§ Exercise description
Repeat every line of the listing below exactly, minus the pictures.

§ Dataset section
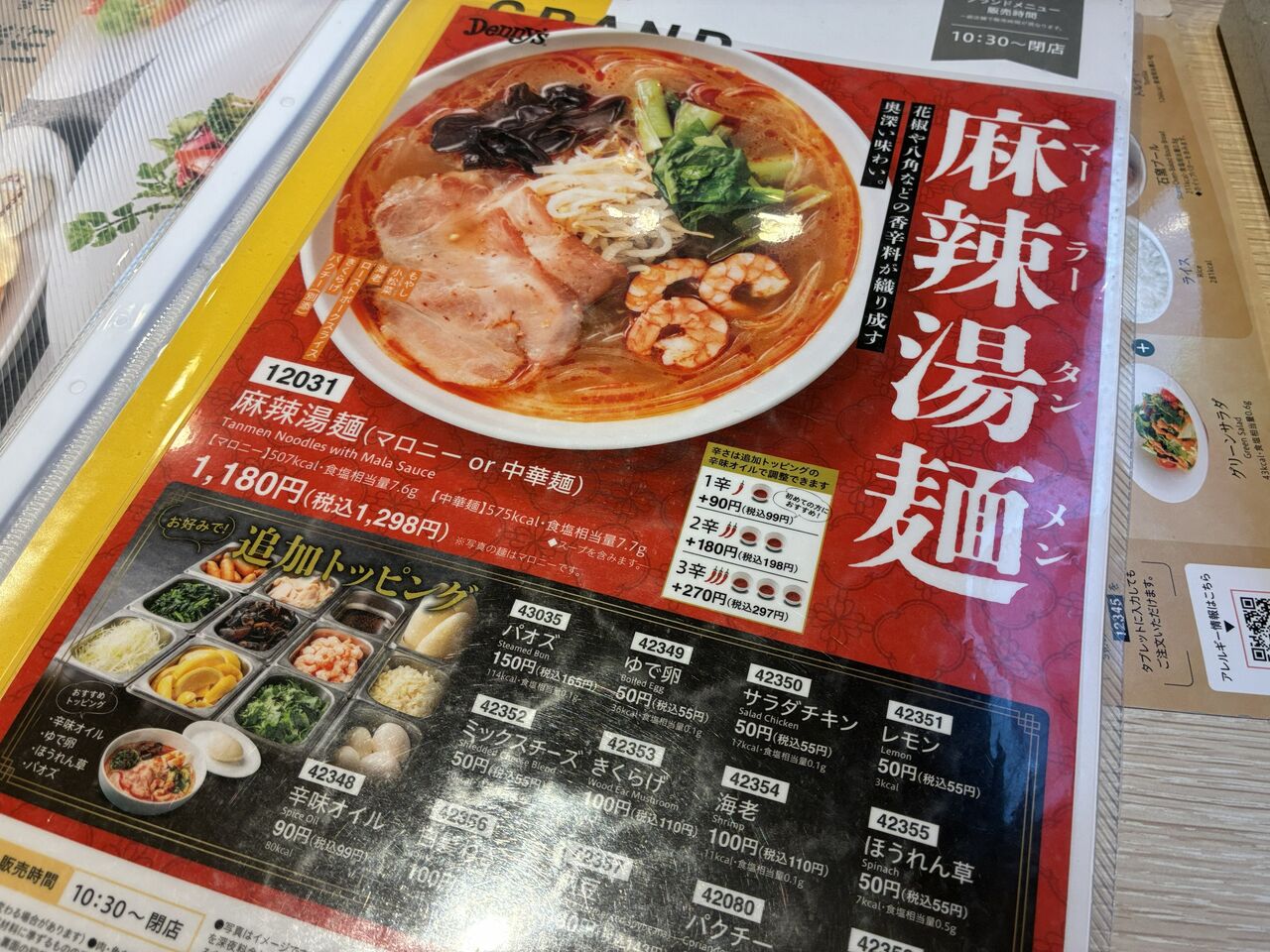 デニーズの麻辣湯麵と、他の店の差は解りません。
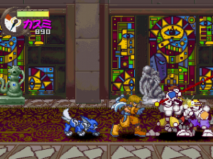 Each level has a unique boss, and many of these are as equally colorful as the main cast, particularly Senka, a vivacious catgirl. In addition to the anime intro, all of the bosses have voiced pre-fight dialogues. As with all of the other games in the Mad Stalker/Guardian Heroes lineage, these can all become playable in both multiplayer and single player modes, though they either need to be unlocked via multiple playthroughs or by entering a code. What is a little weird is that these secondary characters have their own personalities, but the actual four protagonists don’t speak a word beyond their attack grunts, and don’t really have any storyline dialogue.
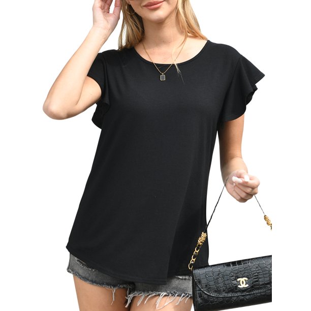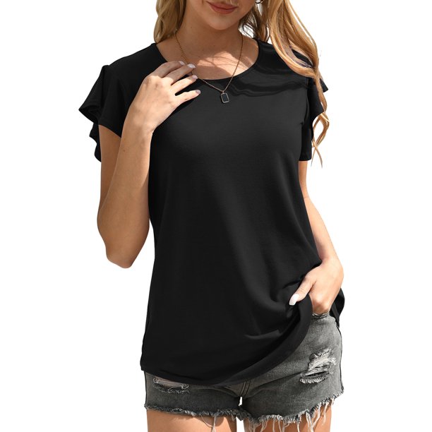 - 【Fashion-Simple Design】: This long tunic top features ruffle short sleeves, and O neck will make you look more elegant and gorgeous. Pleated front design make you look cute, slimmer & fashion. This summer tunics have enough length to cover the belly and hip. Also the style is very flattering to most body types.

§ Response to this task
 デニーズの麻辣湯麵と、他の店の差は解りません。
 Each level has a unique boss, and many of these are as equally colorful as the main cast, particularly Senka, a vivacious catgirl. In addition to the anime intro, all of the bosses have voiced pre-fight dialogues. As with all of the other games in the Mad Stalker/Guardian Heroes lineage, these can all become playable in both multiplayer and single player modes, though they either need to be unlocked via multiple playthroughs or by entering a code. What is a little weird is that these secondary characters have their own personalities, but the actual four protagonists don’t speak a word beyond their attack grunts, and don’t really have any storyline dialogue.
 - 【Fashion-Simple Design】: This long tunic top features ruffle short sleeves, and O neck will make you look more elegant and gorgeous. Pleated front design make you look cute, slimmer & fashion. This summer tunics have enough length to cover the belly and hip. Also the style is very flattering to most body types.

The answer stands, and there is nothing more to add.